I do support making tools usable by as many tracks as possible, so that tracks that wish to make a certain choice have easy ways to do so.

That means that my answer to the following previously-asked question

Should it be a shell script using jq so other tracks may adopt it if they like?

would be "yes, or using any other method that is similarly track-agnostic"

kytrinyx commented 5 years ago

I would recommend making it part of configlet, since all the tracks use that anyway.
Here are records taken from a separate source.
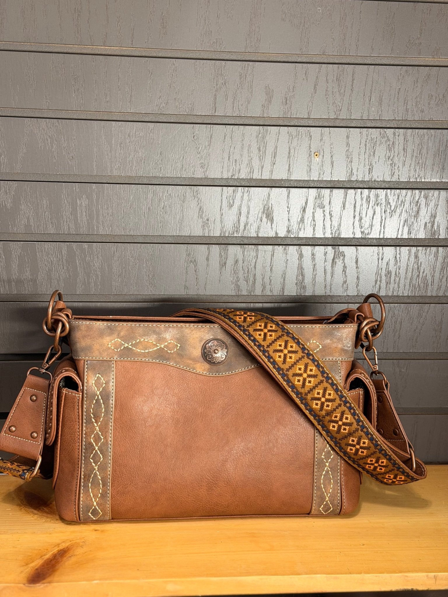 Classic Western craftsmanship meets everyday security in the Nocona Ivy Western Concealed Carry Satchel. Crafted in a rich brown finish, this satchel features decorative stitching, a copper concho accent, and studded side pockets with snap closures, adding authentic Western character while keeping the look polished and timeless.
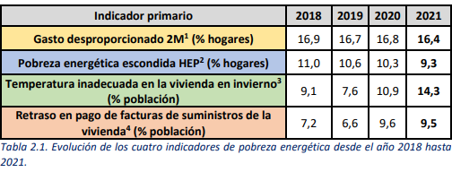 El Ministerio para la Transición Ecológica y el Reto Demográfico (Miteco) ha publicado la Actualización de los indicadores de la Estrategia Nacional contra la Pobreza Energética, correspondientes al año 2021. Reflejan una mejoría con relación al ejercicio de 2020: tres de los cuatro indicadores de referencia tienen una evolución positiva. Como se puede observar en la tabla, la pobreza energética escondida disminuye en comparación con 2020, el gasto desproporcionado y el retraso en el pago de facturas de suministros de la vivienda descienden ligeramente con respecto al año anterior y la temperatura inadecuada en la vivienda en invierno experimenta un incremento significativo. En el documento, se realiza un análisis de cada uno de los indicadores en profundidad y se estudia la relación de cada uno de ellos con variables como la situación de empleo, el número de miembros del hogar o la zona climática.
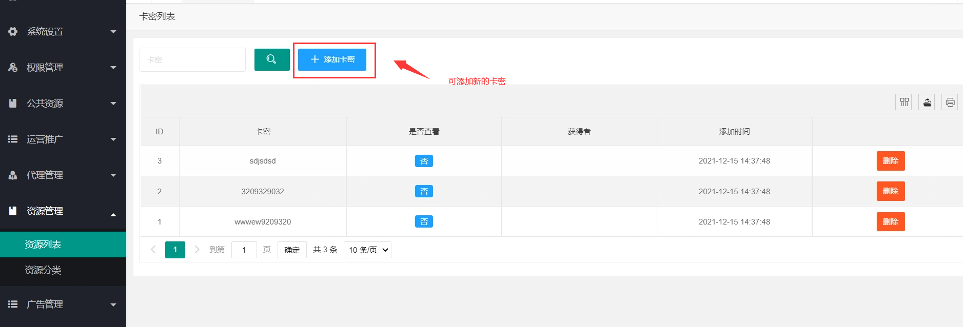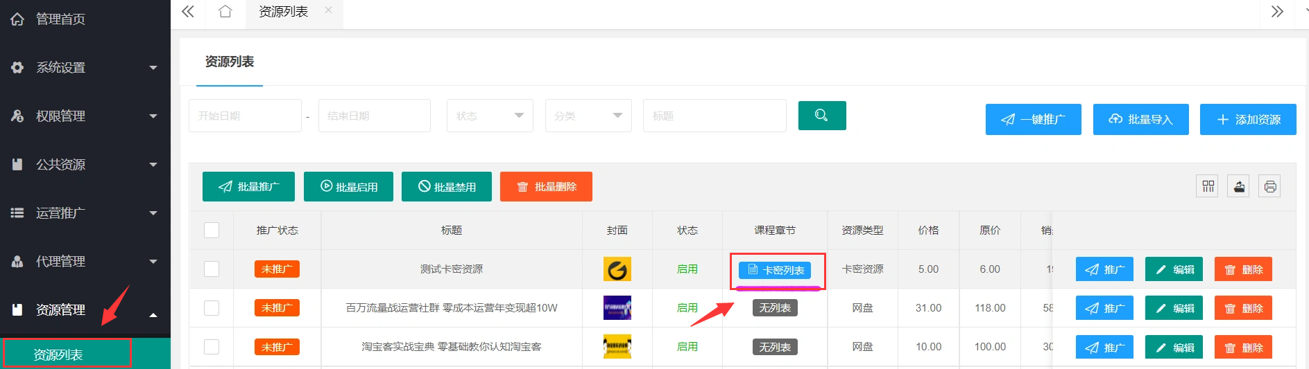 > 2.3、卡密资源的**卡密列表**编辑在资源列表,点击**卡密列表**按钮
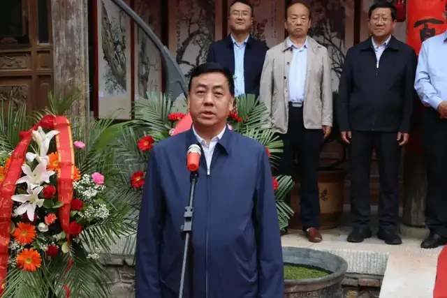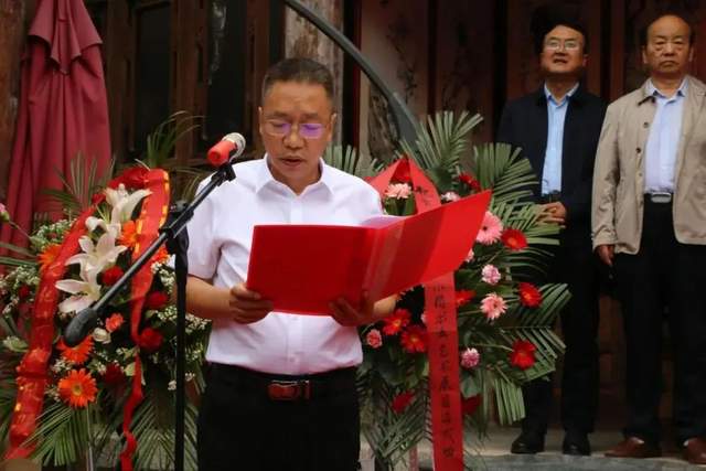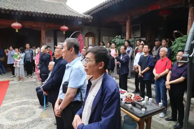 天水市人民政府副市长逯克宗 、天水市政协副主席郭明兴、天水市政协副主席高媛瑾、天水市政协一级巡视员王振宇,原天水市人大副主任杜明富、原天水市人大副主任蒲朝辉、原天水市政协副主席刘力达,以及天水文化艺术界、兰州大学天水同仁文化旅游促进会成员等约200余人参加开展仪式。天水市政协一级巡视员王振宇致辞,天水市政府副市长逯克宗宣布开展,兰州大学天水同仁文化旅游促进会会长刘晓武主持仪式。
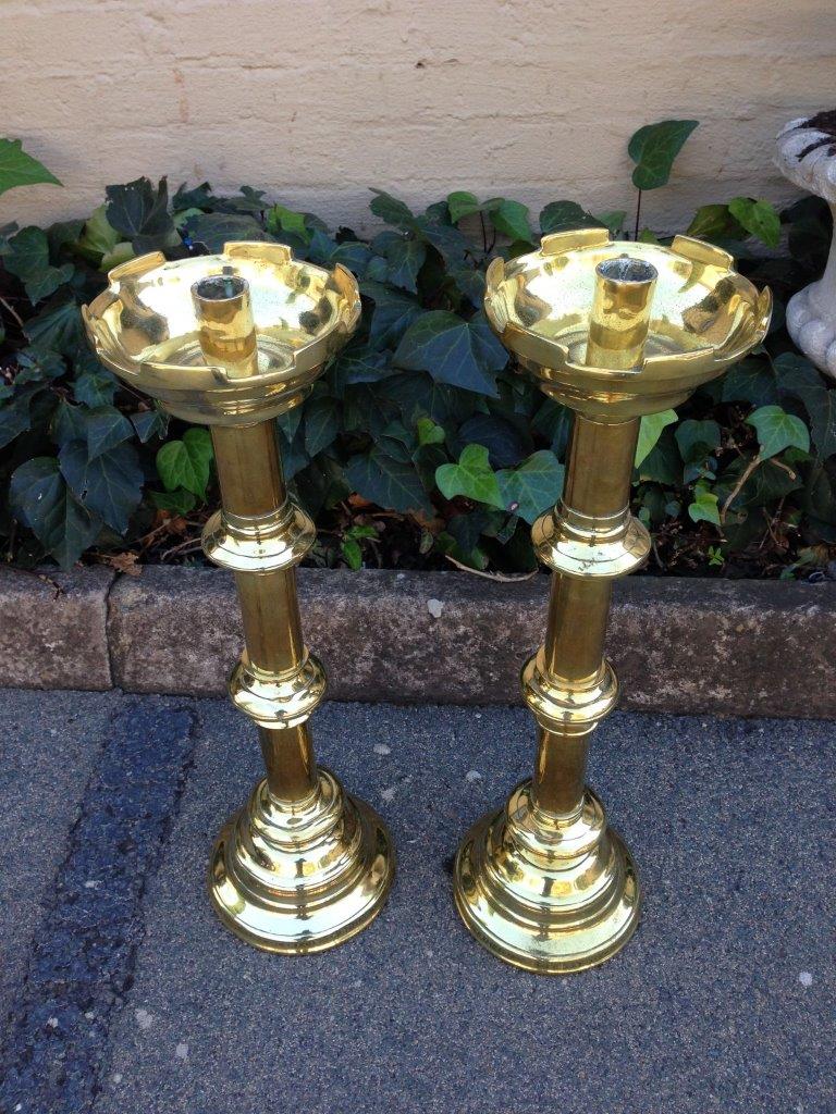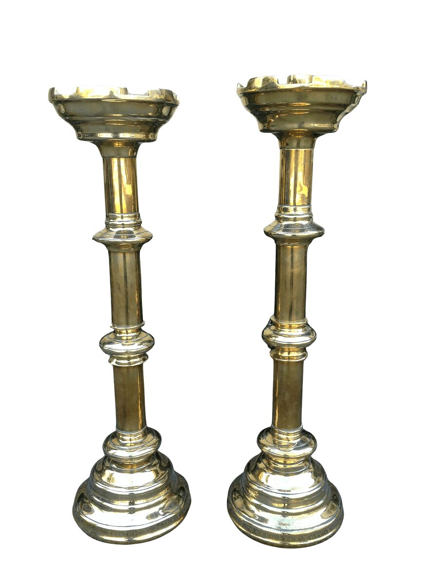 Pair of antique brass alter candlesticks, 19th century

But we don't have to make it part of the CI build, just a tool that is available and can be used if maintainers want to.

sshine commented 3 years ago

It appears that #936 (which has just been merged) creates an order:

Re-order the practice exercises using the following ordering:

  1. Core exercises, retaining their existing ordering
  2. Non-core exercises, ordered by the order of the core exercise that unlocks them, then by difficulty and then alphabetically.
  3. Bonus exercises, ordered by difficulty then alphabetically.

This creates one resolution of the initial question:

All core exercises go before any side exercise Continue to sort by difficulty even though it doesn't make sense Sort by (unlocking core exercise, difficulty)

Except difficulty is moved down in sorting priority.

consider making a Travis CI check that ensures that the order has been followed.

I do not know if this order is preserved by configlet v3, or if additional scripting is required.

I am closing this issue, since the original intent was resolved.

Let us consider more CI checks in the process of unbreaking CI (#952).

sshine commented 3 years ago

I'm re-opening this issue with the intent of carrying this information into the general documentation.